Once again, this updates me even more strongly in favor of manufacturing, not governance and regulation, being the key bottleneck.
“First, we need to consider planning and regulation failures prior to 2020. What failures of planning and regulation prevented us from setting up sufficient emergency vaccine production capacity before COVID-19 emerged? Could we have had a global network of pandemic vaccine factories on standby back in 2015?”
I am of the opinion that such failures are more than sufficient, given that there have been successful human trials for mRNA vaccines (for cancer immunotherapy, mostly, AFAICT as a layman) dating back to the early 2000s, and even more so to the early 2010s. The fact that designing the Moderna vaccine took two days and could be scaled up in a matter of months once it became clear that the vaccine would work and get used implies that all the critical technical and production problems already had known solutions. It would require a very large coincidence for there to have been very significant problems that just happened to get solved or become solvable within a few months of the first pandemic of this scale in generations.

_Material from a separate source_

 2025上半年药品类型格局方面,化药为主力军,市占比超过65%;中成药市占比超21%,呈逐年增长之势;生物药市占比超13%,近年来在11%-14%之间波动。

But no, I don’t think there is a reasonable regulatory and planning framework that would have vaccine factories “on standby” in case of a pandemic. That would be very inefficient. Rather, I think a better regulatory and planning framework would have long since approved and scaled up at least a few and possibly many mRNA vaccines/other therapeutics, such that the factories that were already in use and operating profitably could be quickly repurposed or duplicated. This version of Earth would already have established protocols for testing and approving mRNA therapeutics, reducing the hand-wringing CYA antics of our regulatory agencies in the face of what outsiders saw as clear evidence of safety and efficacy. It would also have already built public trust and awareness of mRNA therapeutics, reducing hesitancy in much of the population.

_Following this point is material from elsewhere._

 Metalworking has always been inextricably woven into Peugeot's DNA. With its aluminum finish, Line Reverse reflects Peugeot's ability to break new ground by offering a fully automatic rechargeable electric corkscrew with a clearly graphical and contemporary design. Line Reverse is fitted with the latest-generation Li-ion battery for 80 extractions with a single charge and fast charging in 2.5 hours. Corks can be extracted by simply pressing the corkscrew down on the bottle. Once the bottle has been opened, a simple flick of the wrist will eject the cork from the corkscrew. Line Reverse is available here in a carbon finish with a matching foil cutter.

Personally I really don’t care whether the world-as-it-was-in-January-2020 could have developed a vaccine more than a couple of months faster given better emergency regulatory changes or government funding or whatever. The correct solution to a pandemic is to have a better designed our regulatory infrastructure, and the innovation culture built around it, going back decades. We could have recognized that the FDA correctly declined to approve thalidomide in the 1960s instead of ignoring that and adding new hurdles for subsequent drugs. We could have learned from the AIDS crisis that it really doesn’t matter what group first suffers from a disease. We could have not thrown away the already-developed well-regarded pandemic playbook the US developed within the past decade.
This doesn’t seem right to me—if it takes 8 months minimum to turn over a factory to produce a new vaccine, how come there’s a reasonable (if not high) rate of production within a few weeks of each new vaccine coming on board? Had factories already started turning over for each individual vaccine just in case 8 months ago?
The 8 months is mostly turning a building that wasn’t a factory that could produce mRNA vaccines into a factory that can produce mRNA vaccines. The decision to build those factories was indeed made before the vaccine was approved.